By: Natasha Uspensky, CHHC

Slim Down for Summer Your 10 Week Plan | The Organic Beauty BlogSpring is officially creeping in, with it’s gusts of 50 degree breezes and stir-crazy excitement in the air. That means bikini season in just a few months away!  So before you jump on yet another, crazy crash diet, or start doing juice cleanses every other week, let me help! Below you’ll find a 10 week plan to slim down for summer, revamp your diet, and revitalize your workout routine. If you make the commitment to yourself, your body, and your sweet, sexy summer self, this plan will take you there. Stay in touch in the comments or on our Facebook page to support each other throughout these 10 weeks, ask and answer questions, and keep yourself accountable!

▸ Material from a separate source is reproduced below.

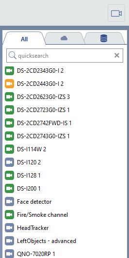 Switching the tabs you can display the channels connected to the server, all of them or cloud channels only. Besides, to find the name of the channel, enter it to the quick search field. Those satisfying the search conditions will remain in the list.

The Organic Beauty 10 Week Slim Down for Summer Plan

Weeks 1 and 2:

These first two weeks are about starting and sticking to a few super healthy habits, before we move on to eliminating a some nasty ones.  First and foremost, spend these two weeks going gaga for greens.  I mean it!  Commit to having a full serving (at least 1 cup) of greens at two meals a day. For an added bonus, rock greens at all three meals!  And when I say greens, I don’t mean pale, flimsy lettuce.  I mean rich, darkly colored, super nutrient kale, spinach, chard, broccoli rabe, dandelion greens, and collards.  Eat ’em raw, eat ’em cooked (just a quick sauté with olive oil or coconut oil, garlic, and a pinch of sea salt and fresh pepper does the trick), throw ’em in your smoothies, your eggs, and your grains.  Greens are a super potent, detoxifying slim down food that is essentially “free” in terms of calories.  So eating those 2-3 cups of delicious greens every single day for the next 10 weeks means less room for other bloating, crappy foods.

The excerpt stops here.